■ **What is expected**: Restate word for word the part of the material that runs from the line containing "Также в этом" through its final line, inclusive, minus the pictures.

■ **Dataset section**:
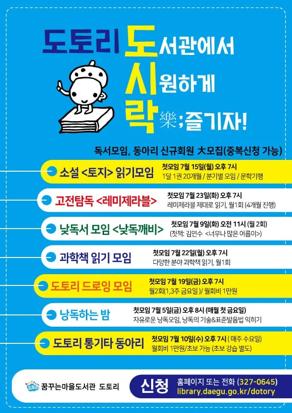도서관 길 위의 인문학 프로그램이 모두 탈락되어 자체 프로그램을 만들었다. 도서관 운영위원회 회의 때 책 모임을 만들자고 하셨다. 작은 여러 개를 만든다. 내가 낼 수 있는 안건은 뻔하다. 읽고 있는 책, 읽어야 하는 책 끼워넣기. 그러니까…‘토지 읽기’. 한 달에 한 권 읽고 만나면 스무 달이다. 그러니까 2년 프로젝트로 해보자고 했다. 중간중간 나들이도 가면서. 나머지 하나는 ‘레미제라블 읽기 모임’이다. 단기 모임으로 읽고 싶은 책 생길 때마다 게릴라형식으로 사람을 모으는 소속감이 덜하다. <레미제라블>이 5권이고 7월에 첫 모임을 갖는다. 첫 모임은 간단히 모임의 방향성에 대해 이야기하고 헤어지면 된다. 그러니까 8월부터 12월까지만 모이면 되겠지. 그렇다, 내가 진행한다. 안건을 2개나 냈으니 하나는 맡아야지. 관장님은 ‘토지 읽기 모임’을 진행해 달라고 했지만 프로젝트로 끌어가는 모임을 진행하고 싶어 거절했다. 막상 모임 하나를 맡게 되니 무슨 말을 해야 할지 걱정부터 밀려온다. 뻔한 질문 하기 싫은데.
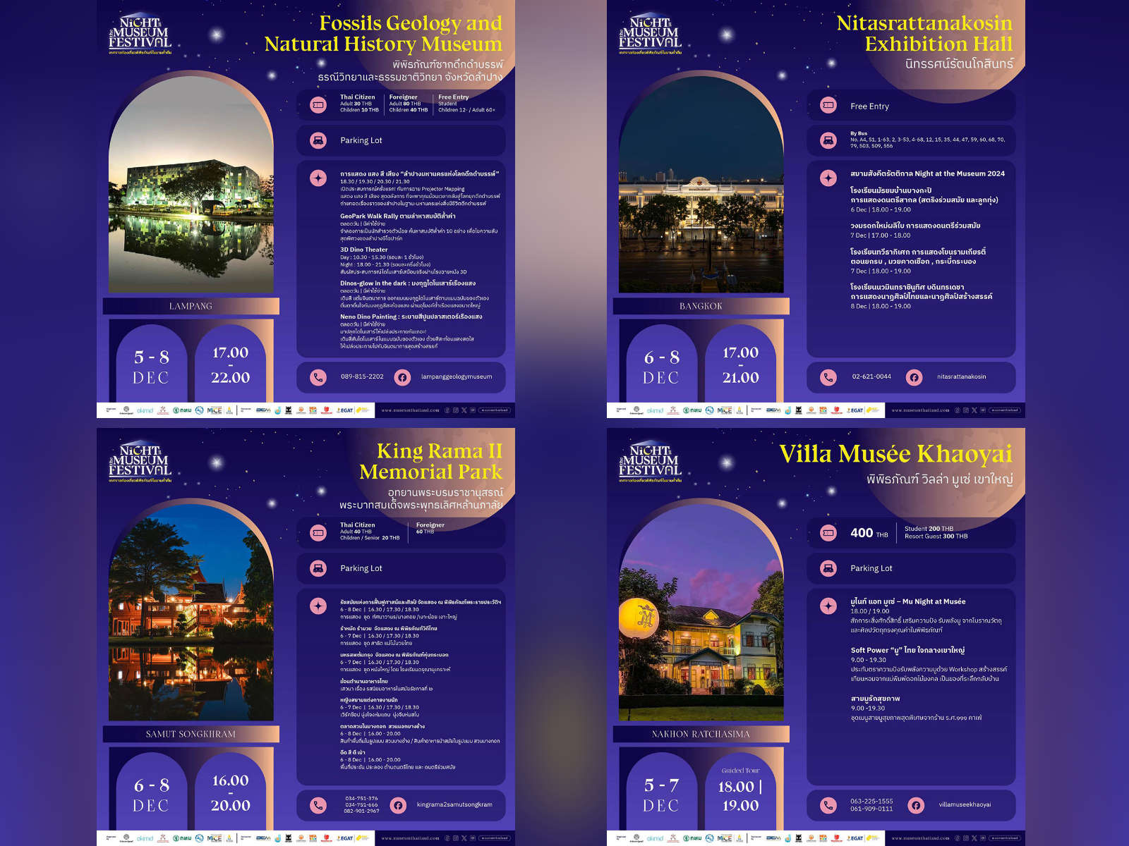 Также в этом фестивале примут участие Мемориальный парк Короля Рамы II в провинции Самут Сонкрам (6-8 декабря, 16:00 - 20:00) и Музей на Вилле в Каояй, пров. Након Ратчасима (5-7 декабря, экскурсии в 18:00 и 19:00, для гостей курорта скидка 25%).
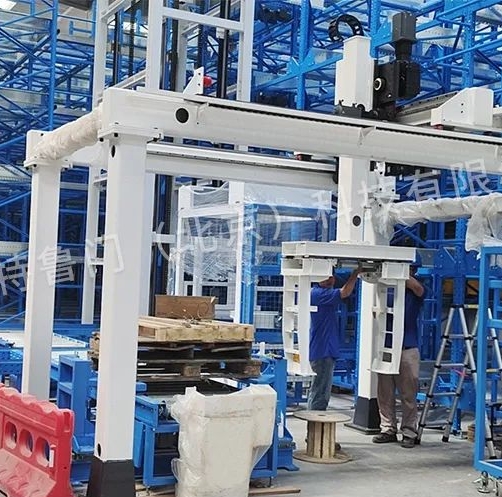 拆叠垛机械手是由特鲁门公司设计制造的,是单轴双立柱举升桁架机械手,可以将料桶上下搬运,实现料桶自动拆叠垛。设备主体结构采用Q235A钢材焊接,举升夹具定制,机械手可以一起提升托架和料桶,高速高效,运行稳定。

■ **Exercise solution**:
 Также в этом фестивале примут участие Мемориальный парк Короля Рамы II в провинции Самут Сонкрам (6-8 декабря, 16:00 - 20:00) и Музей на Вилле в Каояй, пров. Након Ратчасима (5-7 декабря, экскурсии в 18:00 и 19:00, для гостей курорта скидка 25%).
 拆叠垛机械手是由特鲁门公司设计制造的,是单轴双立柱举升桁架机械手,可以将料桶上下搬运,实现料桶自动拆叠垛。设备主体结构采用Q235A钢材焊接,举升夹具定制,机械手可以一起提升托架和料桶,高速高效,运行稳定。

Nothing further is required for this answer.